L’aide sociale directe en détail
L’offre de l’aide sociale directe comporte trois mesures essentielles portant sur :
1- Une aide aux familles ciblées ayant des enfants
Tout enfant, de la naissance à l’âge de 5 ans, recevra une allocation de 200 DH par mois à partir de fin décembre 2023. Ce montant sera porté à 250 DH par mois en 2025, puis à 300 DH/mois à compter de 2026. Pour le 4e, le 5e et le 6e enfant, cette allocation sera de 36 DH
L’enfant en âge de scolarité conservera le même montant de l’allocation entre l’âge de 6 ans et 21 ans, tandis que celui en situation de handicap recevra une allocation de 300 DH par mois en 2024 et 400 DH en 2026. L’État continuera à verser aux veuves 350 DH par mois pour chaque enfant jusqu’à fin 2024, puis 375 DH/mois/enfant en 2025 et 400 DH à partir de 2026.

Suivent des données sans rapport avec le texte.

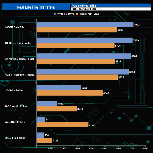 The 2TB Biwin Black Opal X570 PRO averaged 4,135MB when writing the 8 transfer tests, with the fastest being the 7,092MB/s (15sec) for the 100GB Data file with the slowest being the 50GB File Folder transfer at 534MB/s (101sec). Reading back the data, the average was 4,496MB/s with the 100GB Data file again being the fastest at 5,889MB/s (18sec).

2- Une aide aux familles ciblées n’ayant pas d’enfants ou ayant des enfants de plus de 21 ans, surtout celles ayant des personnes âgées à charge
Les familles ciblées n’ayant pas d’enfants ou dont les enfants sont âgés de plus de 21 ans, surtout celles qui ont des personnes âgées à charge, recevront une prime forfaitaire de 500 DH par mois à partir de fin décembre 2023. Le montant de l’aide pour chaque famille ciblée peut totaliser plus de 1.000 DH par mois, en fonction de sa composition et du nombre de ses enfants.
3- Une prime de naissance
Chaque famille, à l’occasion de la première et de la deuxième naissance, recevra une prime de 2.000 DH à la première naissance et de 1.000 DH à la deuxième naissance.
La mise en œuvre de ce chantier nécessitera un budget de 25 MMDH en 2024 qui sera porté à 29 MMDH par an en 2026. À ce budget s’ajoutent les 10 MMDH alloués à la généralisation de l’AMO. L’ensemble de ces allocations représenteront un budget total de 40 MMDH à l’horizon 2026.